BRIEF ->
Repeat exactly, and only, the lines from the line bearing "ней проводились почти" through the end of the material. Do not copy the pictures.

DATASET EXCERPT ->
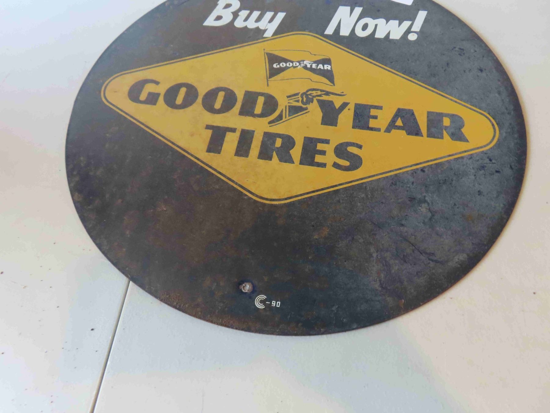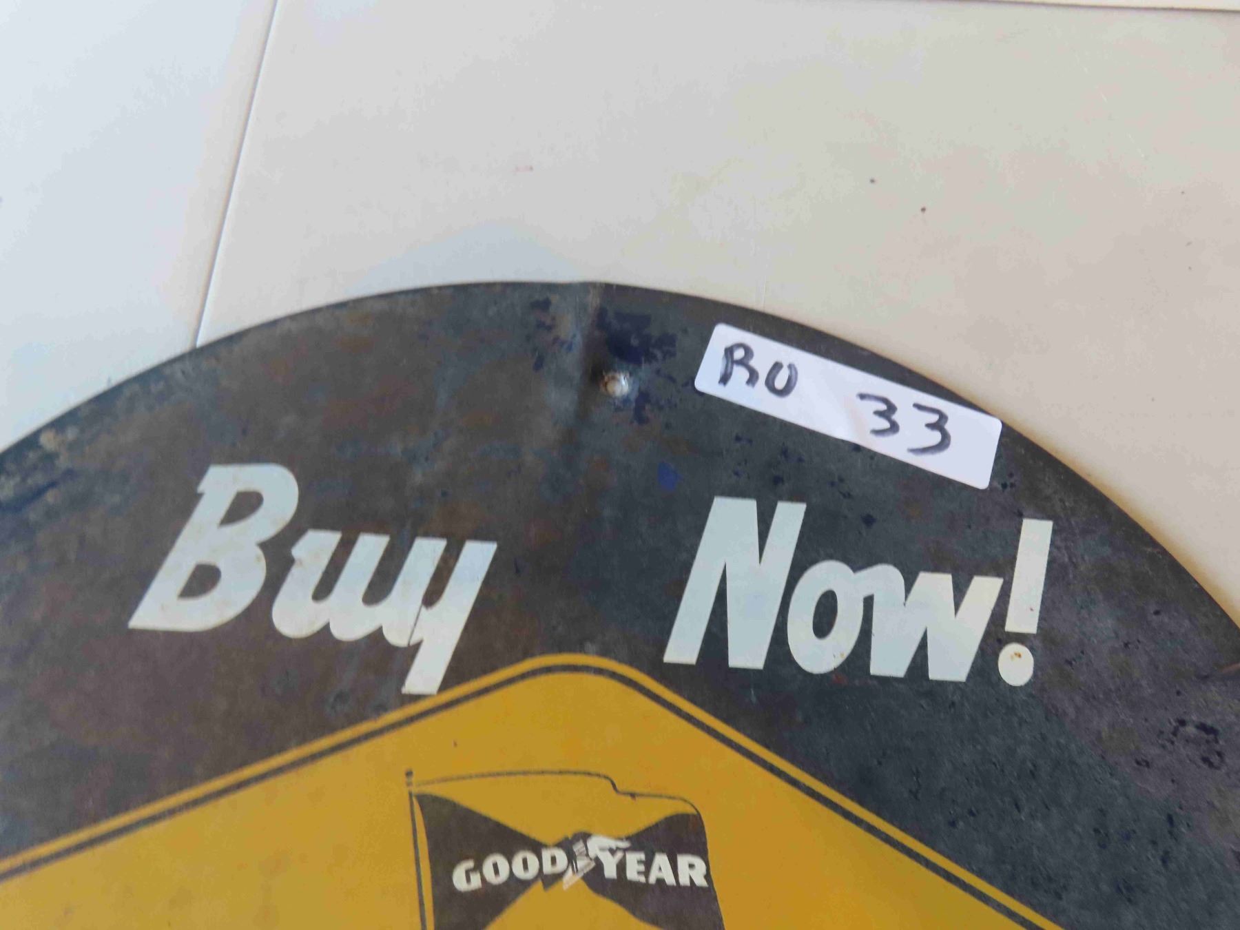 Goodyear Tires 'Buy Now' Round Metal Sign 17'' Across
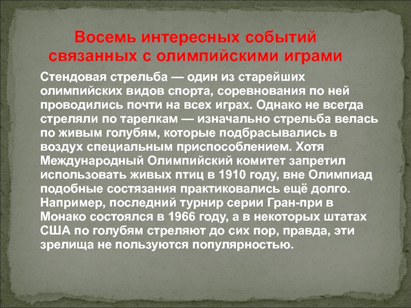 ней проводились почти на всех играх. Однако не всегда стреляли по тарелкам — изначально стрельба велась по живым голубям, которые подбрасывались в воздух специальным приспособлением. Хотя Международный Олимпийский комитет запретил использовать живых птиц в 1910 году, вне Олимпиад подобные состязания практиковались ещё долго. Например, последний турнир серии Гран-при в Монако состоялся в 1966 году, а в некоторых штатах США по голубям стреляют до сих пор, правда, эти зрелища не пользуются популярностью.
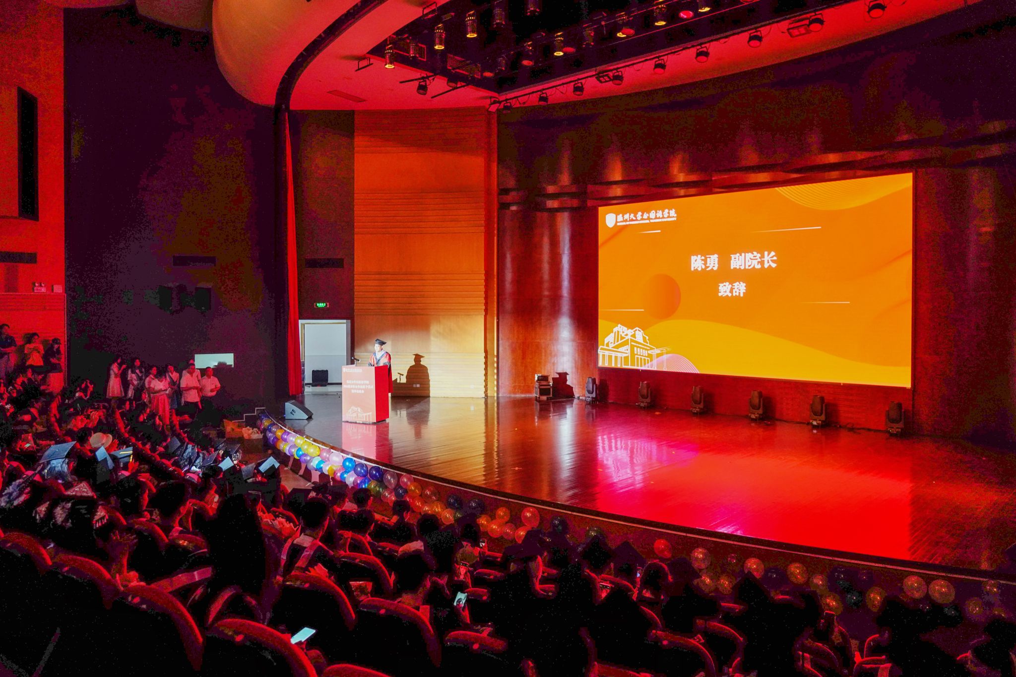 学院院长陈勇教授深情改编了莎士比亚十四行诗第18首,将夏日的明媚与学子们的未来相比拟,寄托了对他们美好未来的无限期许:“只要你们能接续奋斗,博览群书,只要你们把温大外院的记忆永驻,这将照亮你们精彩无限的人生!” 同时,他对即将迈入人生新阶段的毕业生们提出三点嘱托:第一,他希望同学们虚心向学,保持求知的欲望;第二,他勉励同学们接续奋斗,从平凡处开始,在实干中起步;第三,他鼓励同学们去看更广阔的世界,做中外文化交流的使者。他的话语,如同夜空中最亮的星,指引着学子们勇敢追逐属于自己的光辉岁月。

YOUR SOLUTION ->
 ней проводились почти на всех играх. Однако не всегда стреляли по тарелкам — изначально стрельба велась по живым голубям, которые подбрасывались в воздух специальным приспособлением. Хотя Международный Олимпийский комитет запретил использовать живых птиц в 1910 году, вне Олимпиад подобные состязания практиковались ещё долго. Например, последний турнир серии Гран-при в Монако состоялся в 1966 году, а в некоторых штатах США по голубям стреляют до сих пор, правда, эти зрелища не пользуются популярностью.
 学院院长陈勇教授深情改编了莎士比亚十四行诗第18首,将夏日的明媚与学子们的未来相比拟,寄托了对他们美好未来的无限期许:“只要你们能接续奋斗,博览群书,只要你们把温大外院的记忆永驻,这将照亮你们精彩无限的人生!” 同时,他对即将迈入人生新阶段的毕业生们提出三点嘱托:第一,他希望同学们虚心向学,保持求知的欲望;第二,他勉励同学们接续奋斗,从平凡处开始,在实干中起步;第三,他鼓励同学们去看更广阔的世界,做中外文化交流的使者。他的话语,如同夜空中最亮的星,指引着学子们勇敢追逐属于自己的光辉岁月。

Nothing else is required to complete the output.